Si alguien se detuviera un momento a contar las propuestas de cursos de verano, nos quedaríamos asombrados. La moda del curso se ha convertido en plaga y doquiera que estemos hay un curso al acecho. El fenómeno puede caracterizarse en aquel viejo chiste: en el verano español -y sí, claro, catalán, no se asusten- o das un curso o te lo dan. Y todos, los docentes y los alumnos, lo explican ufanos a los amigos. La cultura -no entro en qué clase de cultura- es hoy prestigio, un signo de distinción, como lo es un bolso de Hermés o un puro cubano. Y un verano sin curso es ya, en esta España de niños mimados, una señal de marginación más que de vulgaridad.

Es asombroso cómo las buenas ideas -¿qué mejor que el verano para interesarse por todo aquello que ni te habías planteado o por lo que verdaderamente te gusta?- pueden acabar siendo nuevas obligaciones sociales ineludibles. Llevo siguiendo este asunto desde hace muchos años y no puedo sacarme de la cabeza dos cosas.

Una: la proliferación del curso debería notarse de alguna forma en la gente. Me refiero al aprovechamiento: un país con tanto interés por los cursos debería crecer cultural y humanamente hablando. ¿Es eso perceptible? ¿Hacen falta aún muchos cursos más para se nos reconozca como gente cultivada? ¿Por qué sólo la mitad de los españoles leen un libro -cualquier libro- al año? ¿Qué estudios hacen falta para saber distinguir una tontería de lo que verdaderamente importa? Peliagudo síntoma de una realidad bañada en seudocultura oportunista, que no evitan los cursos de verano.

Dos: la sobreoferta de cursos se ha convertido en un supermercado de tal dimensión que sería necesario hacer un curso previo -inexistente- para saber seleccionar y elegir el curso adecuado. El supermercado mueve mucho dinero privado y público. En verano he asistido a clases estupendas de famosísimos profesores, pero también de gente desconocida. También me ha sucedido lo contrario: repetición de tópicos insoportables por parte de renombrados santones ante alumnos, lógicamente, dormidos. El curso se transforma así en una pesadilla que consolida lo que no debiera: pensamiento domesticado, ideas manoseadas, creatividad cero, apatía.

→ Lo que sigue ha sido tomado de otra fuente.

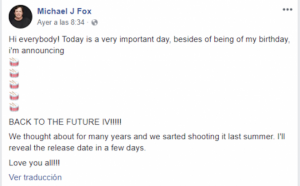 A través de una cuenta que suponía ser de Michael J. Fox, el supuesto actor confirmaba la realización de una nueva película.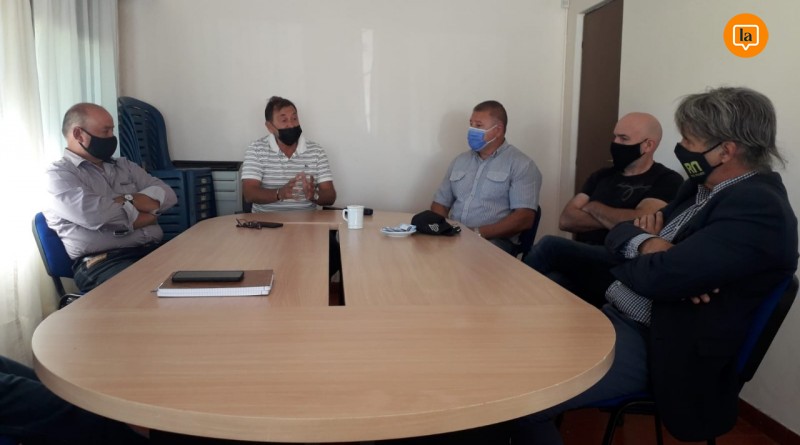 en su sede al flamante ministro de Trabajo de Río Negro Jorge Stopiello, con...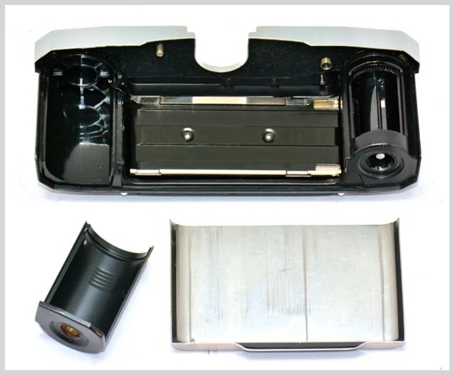 倒完胶卷后再旋开机底另一侧开后盖旋钮(图 12)即可卸下后背取出胶卷。“独眼龙” 的后盖与康泰时(Contax)旁轴系列一样,都是整体拆卸的,内部十分简洁(图 13),卷片轴可拆卸,操作不便又容易丢。

Año tras año el esquema se repite. Hay un secreto a voces que tiene su importancia: en los cursos se hacen amigos y relaciones. En los cursos se programan nuevos cursos y se planifican sus dotaciones económicas: la cadena se perpetúa. Así se mantiene una demanda fija, leal y entregada a la causa del curso y su procreación. ¿Y la ciencia, el conocimiento, el método, la inteligencia, la investigación, la sabiduría? Esas grandes palabras están ahí, sin duda. Sirven para todo: son marcas de prestigio que impulsan la máquina burocrática: el curso por el curso.

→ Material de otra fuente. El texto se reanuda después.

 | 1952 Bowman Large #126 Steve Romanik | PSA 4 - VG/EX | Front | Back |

Menos da una piedra. Pero hay demanda, ¡claro que hay demanda de sabiduría, de ciencia, de inteligencia y de cultura! La gente busca apasionadamente esas cosas tanto en los cursos como en los libros, en Internet, hasta en la televisión. Seguro que en alguna parte existe aquel curso, libro, web o programa que nos ampliará la mente hasta hacernos felices con la aventura de conocer.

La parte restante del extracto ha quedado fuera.